Terkait hal ini, staf khusus Menaker Dita Indah Sari mengatakan data kerugian semestinya bisa menjadi bukti untuk menuntut pengusaha agar membayar pesangon sesuai aturan dalam proses mediasi.
Dita juga mengakui bahwa masih ada perusahaan-perusahaan yang tidak mematuhi prosedur dan melakukan PHK sepihak, namun dia mengeklaim beberapa kasus seperti itu telah ditindak agar ada efek jera.

Berserikat

Di tengah situasi yang menghimpit dan regulasi yang lebih tidak berpihak itu, Nabiyla mengatakan salah satu upaya yang bisa dilakukan pekerja untuk mempertahankan hak adalah dengan berserikat.
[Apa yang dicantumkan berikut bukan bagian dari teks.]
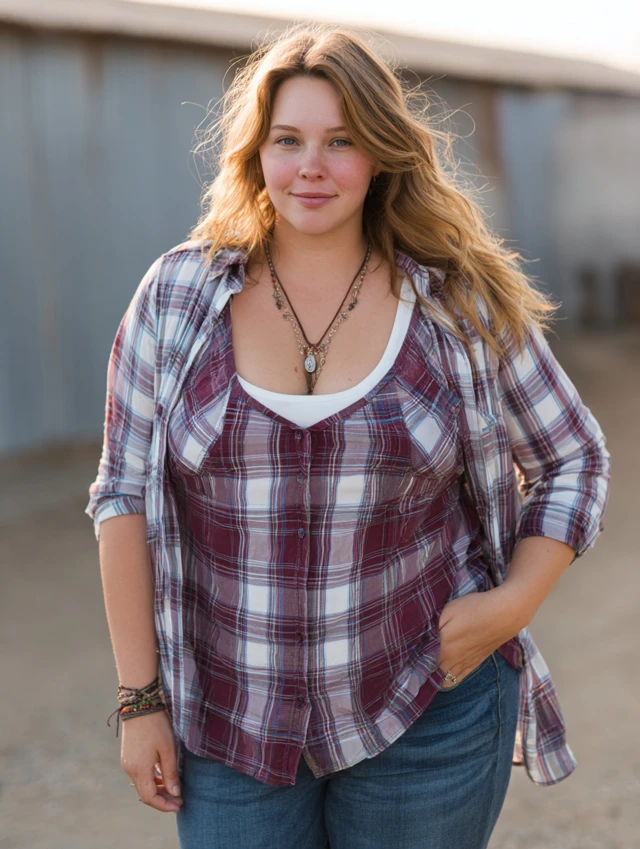 Why It Works: The fitted tank highlights your shape, while the flannel adds a laid-back edge.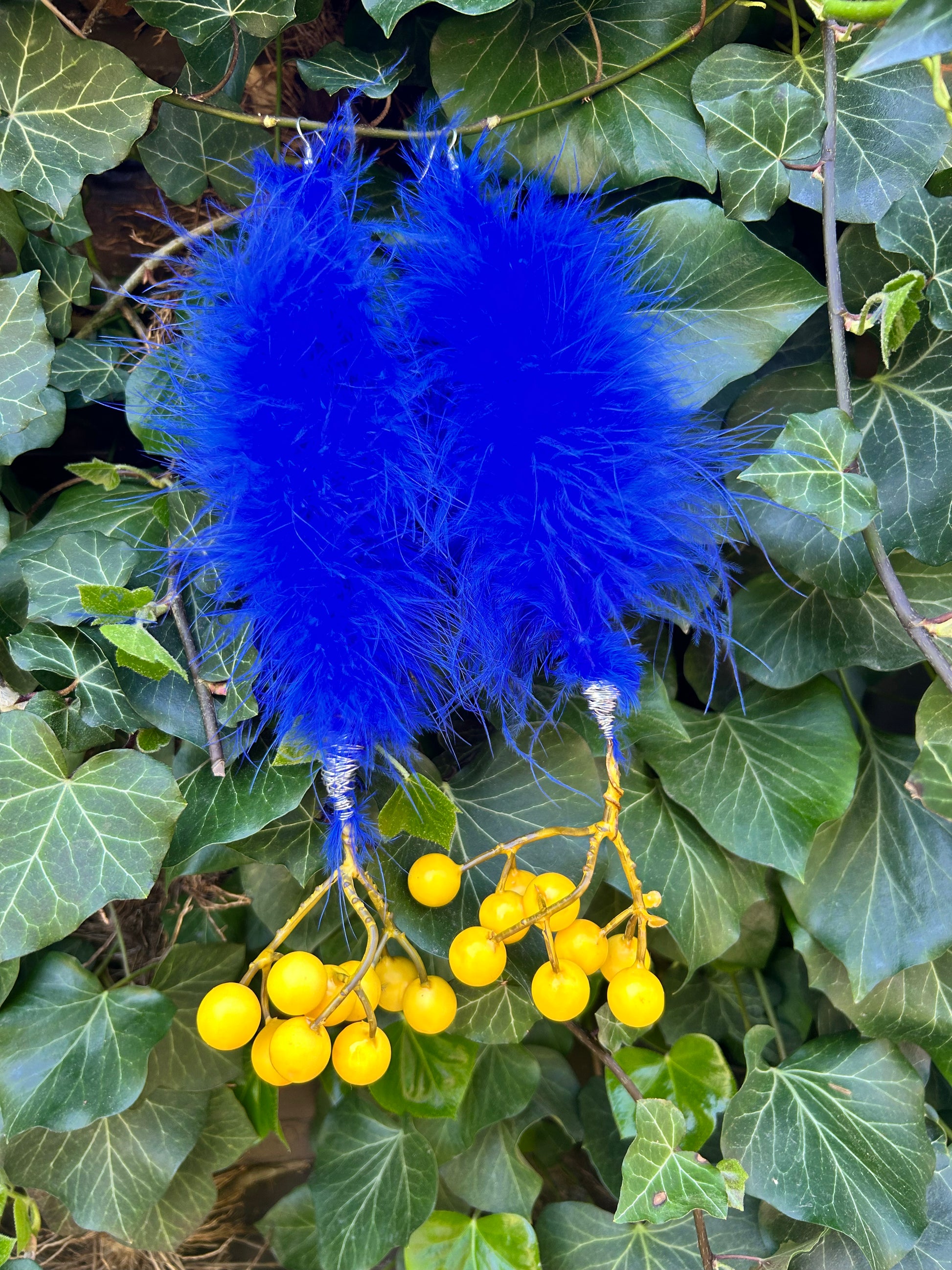 feathery blue dangly earrings with whimsical yellow balls on the end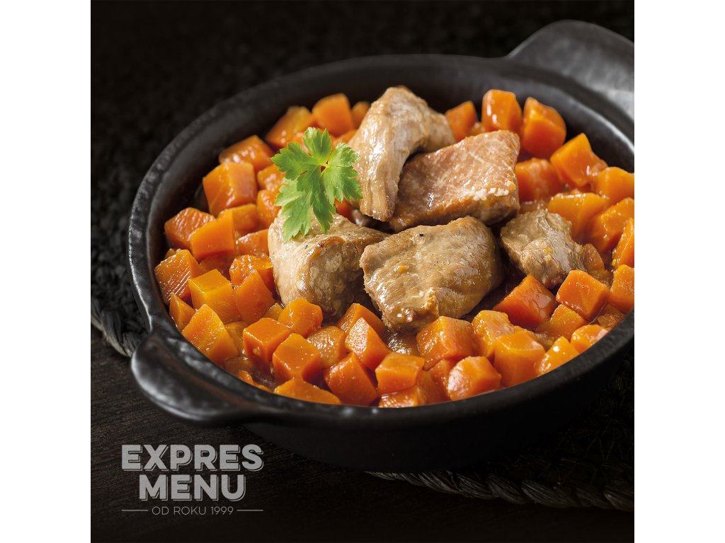Kostičky mrkve dušené na másle s kousky vepřového masa vytváří chutnou kombinaci.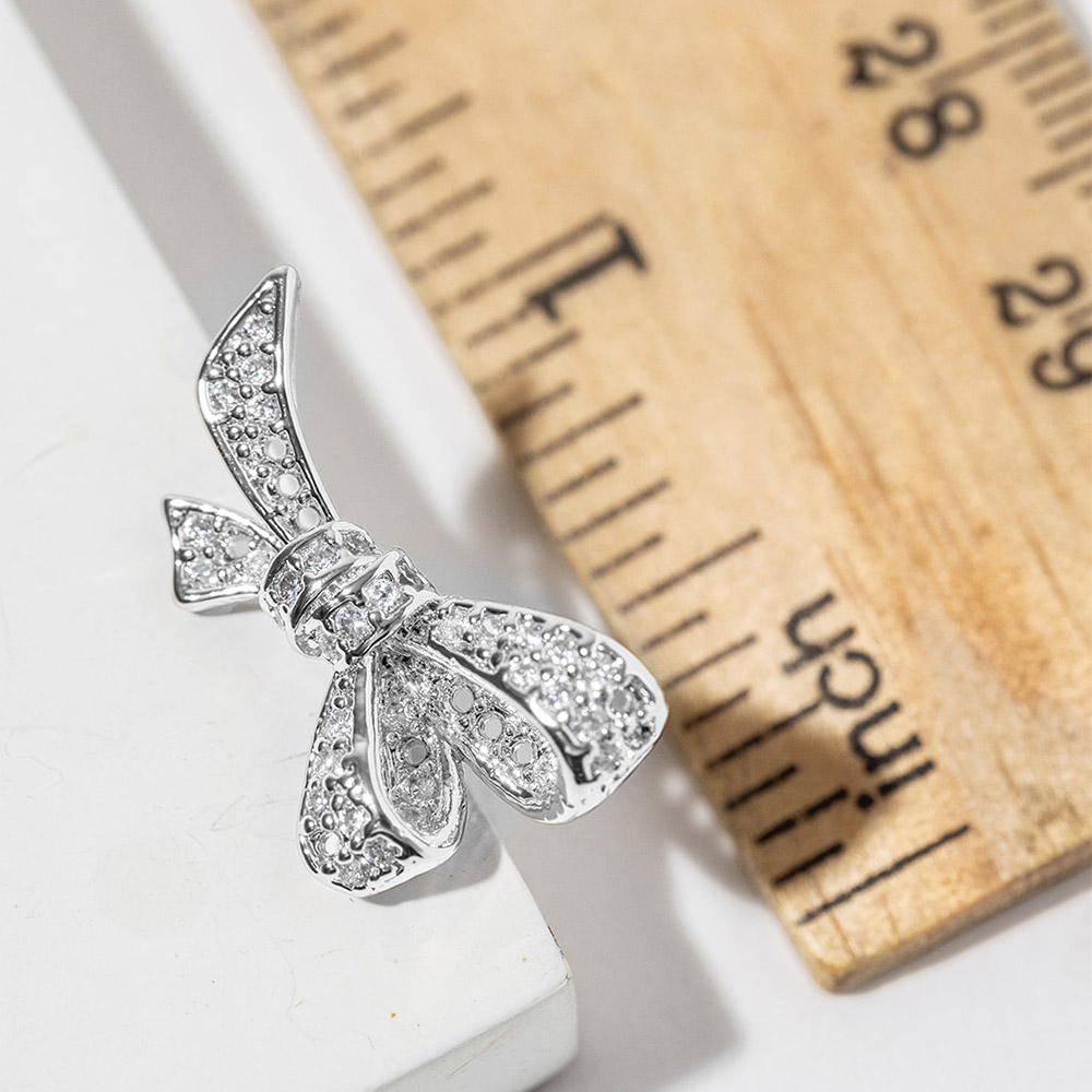• Elegant bow-shaped stud earrings designed with delicate pavĂ© sparkle for a refined, feminine finish. This timeless silhouette adds charm to everyday outfits, special occasions, and gift collections, offering a polished accent that pairs effortlessly with both casual and dressy jewelry styling.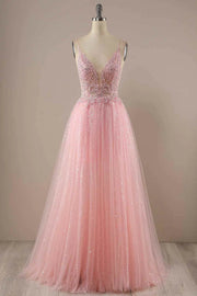 A-line V Neckline Sparkly Tulle Applique Long Prom Dress

Kalaupun tidak memiliki serikat, pekerja setidaknya bisa berunding secara kolektif.
“Akan sulit bagi pekerja individual melawan kuasa perusahaan. Satu-satunya yang bisa kita lakukan adalah bersatu dengan kekuatan yang lain, karena kekuatan kita ada di situ. Kalau tidak, sulit sekali,” kata dia.
Sayangnya, tren berserikat bagi pekerja di Indonesia dia sebut “masih sangat rendah”.
Data terakhir pada 2012 menunjukkan baru sekitar 6% pekerja di Indonesia yang menjadi anggota serikat.
Di sisi lain banyak pula pekerja yang tidak memahami hak-haknya, sehingga ketika PHK terjadi, banyak yang memilih pasrah tanpa perlawanan.